A recent editorial in the British Medical Journal (Grubin D,
Beech A, BMJ 2010; 340:c74) discusses the efficacy and ethics of chemical
castration for sex offenders.  

Its efficacy is not in doubt. Recidivism rates of less than
5% over long periods are consistently reported. The expected rate, absent ‘treatment’,
is 50% or more.

But is it treatment? And if it is not, should doctors
participate in it?

Grubin and Beech note that ‘[a]lthough castration is
ostensibly for public protection, it also carries with it a sense of symbolic
retribution…Some people argue that not only does medical input in these cases straddle
the border between treatment and punishment, but that it also shifts the doctor’s
focus from the best interests of the patient to one of public safety.’
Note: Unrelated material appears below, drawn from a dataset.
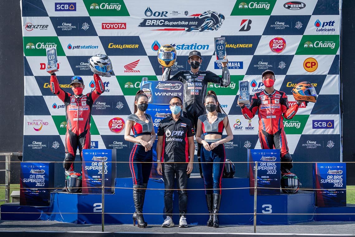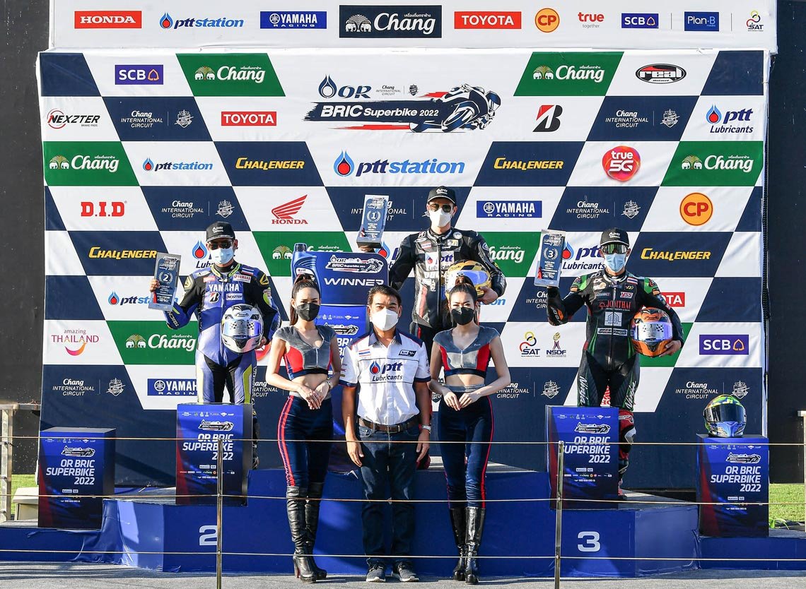 ศึกจักรยานยนต์ทางเรียบเบอร์หนึ่งของไทย “โออาร์ บีอาร์ไอซี ซูเปอร์ไบค์ แชมเปี้ยนชิพ 2022” ระเบิดความมันส์สนามแรกอย่างดุเดือด “ติ๊งโน๊ต” ฐิติพงศ์ วโรกร จาก พีเอสจีเอ ดูคาติ พีทีที ลูบริแคนต์ นก จูนเนอร์ ติ๊งโน๊ต เฉือนโค้งสุดท้ายคว้าชัยรุ่นใหญ่เหนือ “ซุป” อนุชา นาคเจริญศรี จาก ยามาฮ่า บริดจสโตน อนุชา เรซซิ่ง ทีม ขณะ “ฟอง” คณาทัต ใจมั่น จาก ยามาฮ่า ไฮสปีด พลิกเข้าวิน ซูเปอร์สปอร์ต 600 ซีซี หลังจบเรซสุดเข้มข้น ที่ สนามช้าง อินเตอร์เนชั่นแนล เซอร์กิต จ.บุรีรัมย์

Probably most doctors’ knee-jerk reaction to chemical
castration would go something like this:

(a)        It is a
fundamental principle that doctors should act always and only in the best
interests of their patients.

(b)       There may be
cases where a sex offender genuinely wants to be rid of his impulses, and will
freely ask for chemical castration. In such cases there is no difficulty. This
is treatment for an affliction. It can and should be given.

(c)        If the State
orders chemical castration as an expressly punitive measure, to administer it
cannot be reconciled with any decent understanding of a doctor’s duty. The
doctor should refuse to co-operate.

(e)        (i)        If
the State orders chemical castration on public safety grounds, the ethical
position is more difficult. Even if the State does not actually compel
castration, the position might be tantamount to compulsion. If the deal is: ‘Submit
to chemical castration or spend X more years in jail’, it is hard to
characterise any request for castration as free. It may, however, be in the overall
best interests of the patient to have the ‘treatment’ and therefore be
released.

(ii)        There are situations where the State compels treatment or
otherwise truncates basic freedoms on public safety grounds. Examples include the
incarceration of violent offenders for public protection, treatment or
detention under the mental health legislation for behaviour that will be
dangerous to others, the compulsory reporting of certain diseases, and the addition
of fluoride to public water supplies. The acceptability of these measures will
be determined (obviously) by balancing the magnitude of the insult to basic
freedoms against the magnitude of the risk and the damage that will be done if
the risk eventuates. In the case of some sex offenders it seems difficult, when
talking about chemical castration, to say that the ratio of the truncation of
freedom to the public dangers obviated  is
of a different order to that seen in (eg) sectioning a homicidal patient. But,
that said, the thoughtful doctor will still feel more queasy about signing a
prescription for antiandrogenic drugs in a way that he would about signing a
Mental Health Act section declaration.  And
why is that? Is his queasiness justified?

Four points:

(a)        The motives
behind legislation are rarely pure. If compulsory chemical castration arrives
in the UK, it is likely to have been swept onto the statute book by a wave of red-faced
 outrage from the red-tops. The campaign
that produced it will have been articulated in both punitive and public safety
language. A doctor instituting ‘treatment’ will always wonder how much of his action
is ethically illegitimate (dictated by the front page of the Sun) and how much
is legitimate (because it is justified by analogies with the sectioning of
homicidal patients).

(b)       Changing what
happens inside someone’s body may be different in ethical nature to doing
something that simply determines the position and circumstances of someone’s
body (eg by detention).

(c)        Most of the
things done compulsorily to patients can, by some route or other, be said with
a more or less philosophically straight face to be in the patient’s best
interests. The compulsory sterilisation of incapacitate patients is said to be
in their best interests. It can similarly be said that forcibly to prevent a
homicidal patient killing or a sex offender raping is in their best interests. But
sometimes, in the case of a sex offender, that argument will be more difficult
to sustain. Libido might be everything.

(d)        The queasiness
might arise from a reluctance to modify the old model of the doctor-patient
relationship. That model has uses: it also has limitations. Doctors in public
health positions are used to seeing the community as their patients. But we
should be wary of diluting the old model. It has many advantages. One of them
is that it is relatively immune to the fickle winds of social change. If you
assert that ‘The world is my patient', what you might find yourself saying, if
you’re not careful, is: ‘I’m a tool of the social policies of the moment.’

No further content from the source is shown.